Task instructions: Among the entries below, only the lines from the one with "Lampada in legno" through the one with "Edytor tapety: Tygrys wyleguje się na trawie" are to be retyped, exactly and without pictures.

Extracted data:

---*---

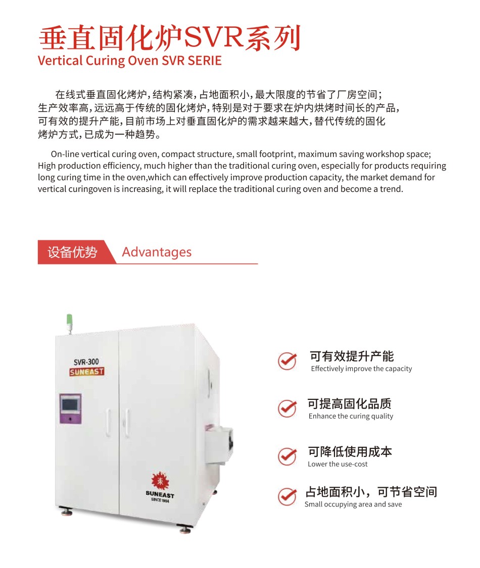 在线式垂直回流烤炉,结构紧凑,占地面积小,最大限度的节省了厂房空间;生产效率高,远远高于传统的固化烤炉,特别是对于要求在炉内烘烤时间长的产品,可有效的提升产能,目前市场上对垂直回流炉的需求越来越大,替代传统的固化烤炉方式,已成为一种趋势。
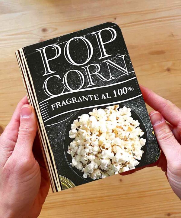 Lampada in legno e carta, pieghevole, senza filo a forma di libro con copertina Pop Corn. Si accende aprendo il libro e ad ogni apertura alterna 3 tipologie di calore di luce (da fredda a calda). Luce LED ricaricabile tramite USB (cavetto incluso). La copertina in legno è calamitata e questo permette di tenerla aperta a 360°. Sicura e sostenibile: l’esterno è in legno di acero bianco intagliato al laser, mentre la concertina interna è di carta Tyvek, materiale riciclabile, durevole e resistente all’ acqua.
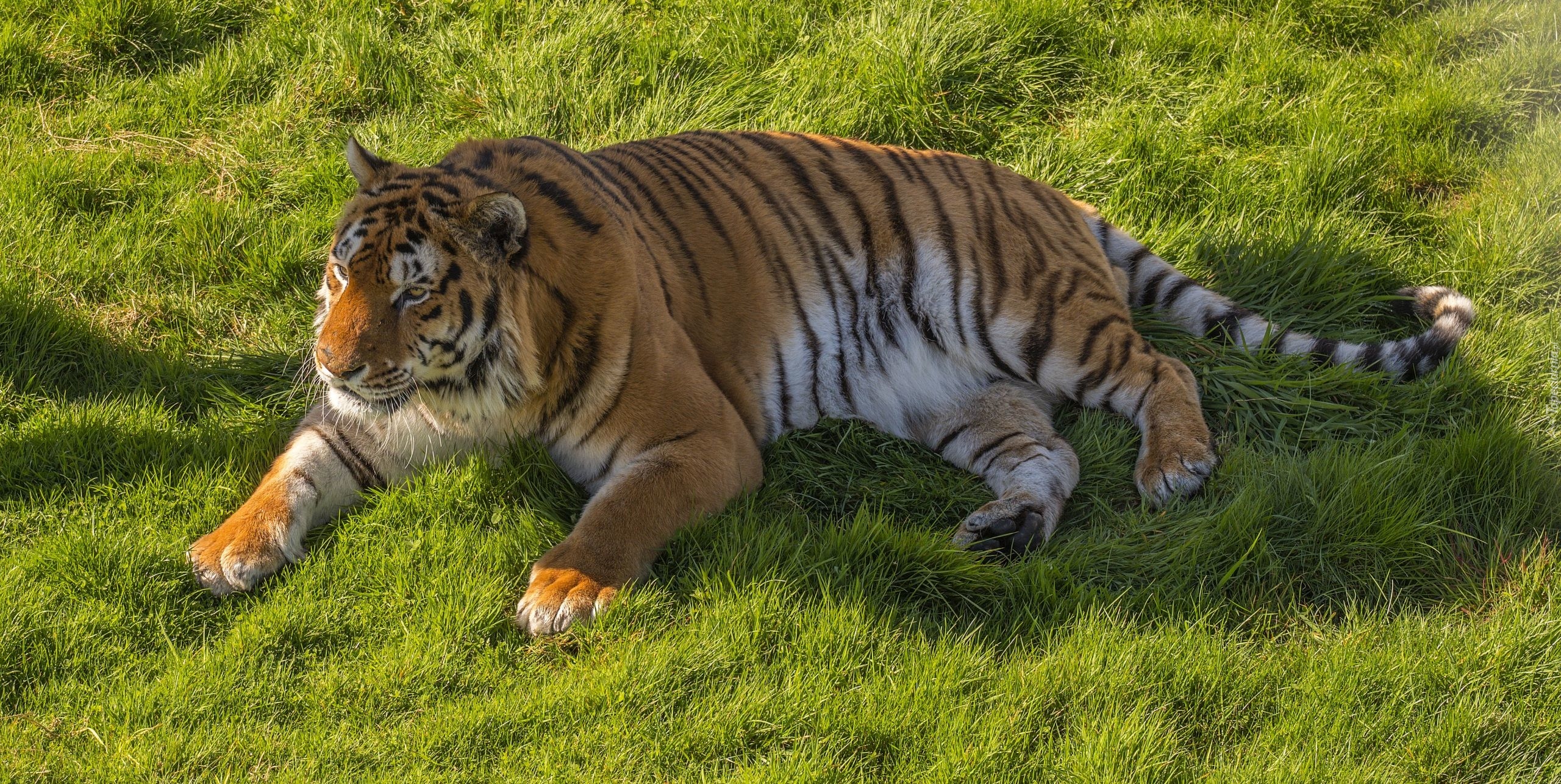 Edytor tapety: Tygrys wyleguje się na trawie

---*---

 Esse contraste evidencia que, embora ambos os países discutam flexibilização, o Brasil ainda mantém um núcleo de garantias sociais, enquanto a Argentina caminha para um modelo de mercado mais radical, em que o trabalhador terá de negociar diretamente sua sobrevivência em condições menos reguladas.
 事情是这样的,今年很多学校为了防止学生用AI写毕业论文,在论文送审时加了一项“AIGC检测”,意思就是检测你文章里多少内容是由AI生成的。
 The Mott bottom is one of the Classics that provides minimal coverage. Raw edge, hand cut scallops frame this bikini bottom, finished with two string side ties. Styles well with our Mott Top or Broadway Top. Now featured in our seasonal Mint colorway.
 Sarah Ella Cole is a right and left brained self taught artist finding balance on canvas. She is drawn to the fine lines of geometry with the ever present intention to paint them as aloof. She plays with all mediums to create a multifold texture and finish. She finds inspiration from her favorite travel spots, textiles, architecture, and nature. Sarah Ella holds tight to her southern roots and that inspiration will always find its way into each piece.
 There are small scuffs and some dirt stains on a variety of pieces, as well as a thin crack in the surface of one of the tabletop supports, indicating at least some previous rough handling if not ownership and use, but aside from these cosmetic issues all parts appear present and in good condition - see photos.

---*---

Your solution:
 Lampada in legno e carta, pieghevole, senza filo a forma di libro con copertina Pop Corn. Si accende aprendo il libro e ad ogni apertura alterna 3 tipologie di calore di luce (da fredda a calda). Luce LED ricaricabile tramite USB (cavetto incluso). La copertina in legno è calamitata e questo permette di tenerla aperta a 360°. Sicura e sostenibile: l’esterno è in legno di acero bianco intagliato al laser, mentre la concertina interna è di carta Tyvek, materiale riciclabile, durevole e resistente all’ acqua.
 Edytor tapety: Tygrys wyleguje się na trawie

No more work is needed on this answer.